As the offspring of these fish have both genes, when imaged, their blood vessels fluoresce red and the liver tumor fluoresces green.

Direct visualization

Paul Frankel, from the Division of Medicine at UCL, who led the cancer biology aspects of the project, said: “Zebrafish serve as animal models of liver cancer, developing a form of the disease genetically similar to human cancer tumors. This, as well as their small size, quick reproduction, and transparency—which is necessary for OPT imaging—makes zebrafish an ideal organism to study using this technique.”

Co-first author, Nicola Lockwood from the Division of Medicine at UCL said: “With the zebrafish model, we were able to directly visualise live progression of tumors within the context of a fully formed blood supply and immune system. This will be extremely important as we proceed to development of novel anti-cancer drugs.”

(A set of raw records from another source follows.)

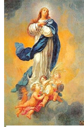
Murillo's Immaculate Conception in the Patronal Church

Conception in Jacksonville, Florida, was dedicated to the Immaculate Conception in 1584. John Carroll, the first bishop in the United States, placed his diocese of Baltimore, which encompassed the thirteen colonies, under the patronage of Mary with his pastoral letter of May 28, 1792. In 1846 the Sixth Provincial Council of Baltimore named Mary, under the title of her Immaculate Conception, Patroness of America. While Blessed Pope Pius IX approved that decision in 1847, he did not promulgate the dogma of the Immaculate Conception until December 8, 1854 with his encyclical INEFFABILIS DEUS .
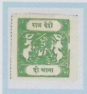
Like SG 29 2 annas emerald White pelure paper Type B inscription F2 forgery cliché D
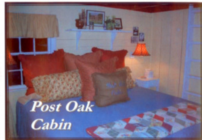
Post Oak Cabin

This 150 year old structure is tastefully decorated as a woodlands style country cabin with unobstructed views and more than 100 feet away from the Main House.
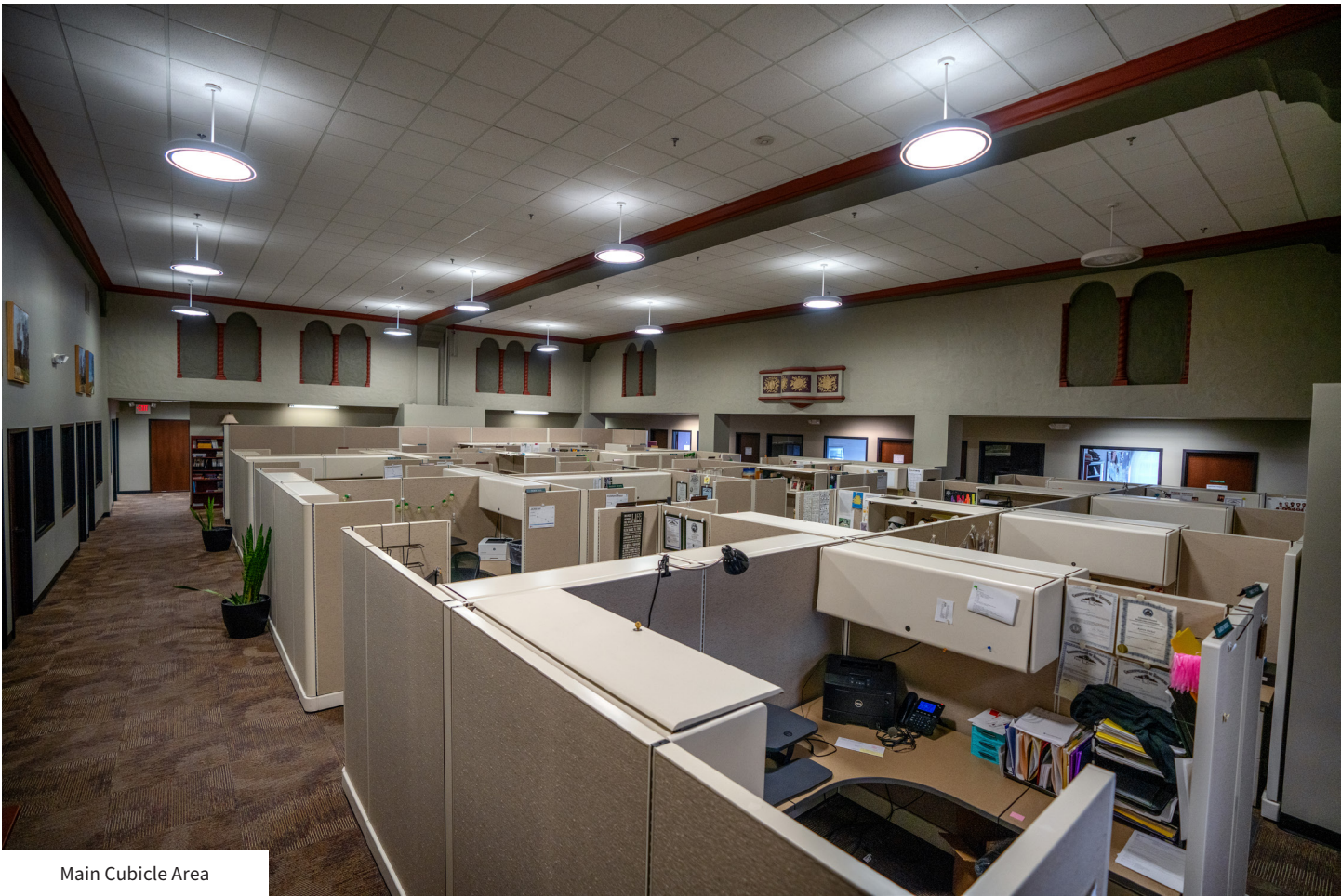
Main Cubicle Area
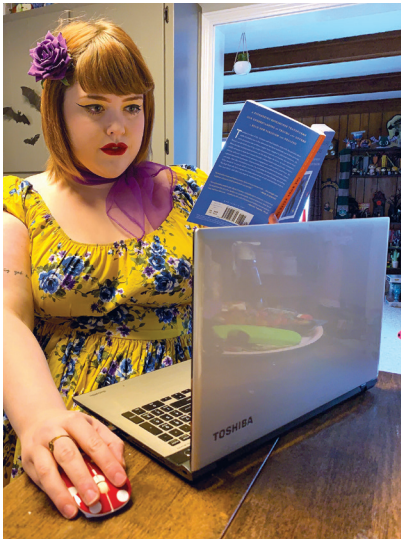
Heartford House employees received laptops to work from home.

The ability to perform studies over time allows researchers to assess disease progression in the same organism over spans of weeks to months. In one study the team repeatedly imaged zebrafish expressing red fluorescent blood vessels over a period of five months.

Testing drugs

Such longitudinal studies will enable research into potential long-term side effects of drug treatments including adverse reactions and the development of drug resistance.

“It’s well known that individuals can respond differently to the same drug treatment, therefore techniques such as ours could provide valuable information regarding disease progression and drug efficacy,” said Professor French.

The team are currently combining OPT with other techniques, such as fluorescence lifetime imaging, to map cell signalling processes. This could be used to monitor cell death, making it potentially useful to test chemotherapy drugs and identify whether the drug is having side effects.